The policy involved herein contains, among others, the following stipulations:

“Report of Suit Against Assured. C. If suit is brought against the assured to enforce a claim for damages covered by this policy he shall immediately forward to the company or its duly authorized agent every summons or other process as soon as the same shall have been served on him, and the company will, at its own cost, defend such suit in the name and on behalf of the assured. The assured, whenever requested by the company, shall aid in effecting settlements, securing information and evidence, the attendance of witnesses and in prosecuting appeals,' but the assured shall not voluntarily assume any liability or interfere in any negotiation for settlement or in any legal proceeding, or incur any expense, or settle any claim, except at his own cost, without the written consent of the company previously given, except that, as respects liability for personal injuries covered hereunder, the assured may provide at the company’s expense such immediate surgical relief as is imperative at the time of the accident.

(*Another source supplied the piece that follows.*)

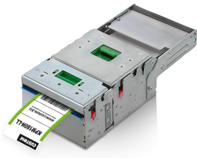
915AH030700700 PRINTER KPM180H-LL UHF RFIDCUT PRES ETH USB RS232 AVIATION

Via Berettine, 2 - 43010 Fontevivo PR - VAT: IT02498250345 - TEL: +39 0521 680111 - FAX: +39 0521 610701 - UNIQUE CODE: 8RQN7AZ

“Suit Against Companies. J. No action shall lie against the company to recover for any loss and or expense covered by this policy arising or resulting from claims upon the assured for damages, unless it shall be brought by the assured for loss and or expense actually sustained and paid in money by him after actual trial of the issue. The Aetna Life Insurance Company, in accordance with the terms of this policy, hereby assumes the following risks, while the automobiles described herein are within the limits of the United States of America and Canada, namely: Cause Five — Liability. Against loss and/or expenses arising or resulting from claims upon the assured for damages on account of bodily injuries and/or death accidentally suffered, or alleged to have been suffered, by any person or persons not hereinafter excepted, by reason of the *156ownership, maintenance and/or use of any of the automobiles described herein, provided such accidents or alleged accidents occur while this policy is in force, and provided further that: (1) This company shall not be liable under this clause of the policy for: (a) Accidents occurring while the automobiles described are being operated in any race or speed contest, or by any person in violation of law as to age or in any event under the age of sixteen years; (b) accidents to assured’s domestic or household servants while engaged in operating or caring for an automobile; (c) accidents to any other employee of the assured arising out of and in the usual course of the trade, business, profession or occupation of the assured; (d) any obligation assumed by or imposed upon the assured by any Workmen’s Compensation agreement, plan or law. (2) This company’s liability for loss on account of an accident resulting in bodily injuries and/or death to one person is limited to five thousand dollars ($5,000); and, subject to the same limit for each person, this company’s total liability for loss on account of any one accident resulting in bodily injuries and/or death to more than one person is limited to ten thousand dollars ($10,000).”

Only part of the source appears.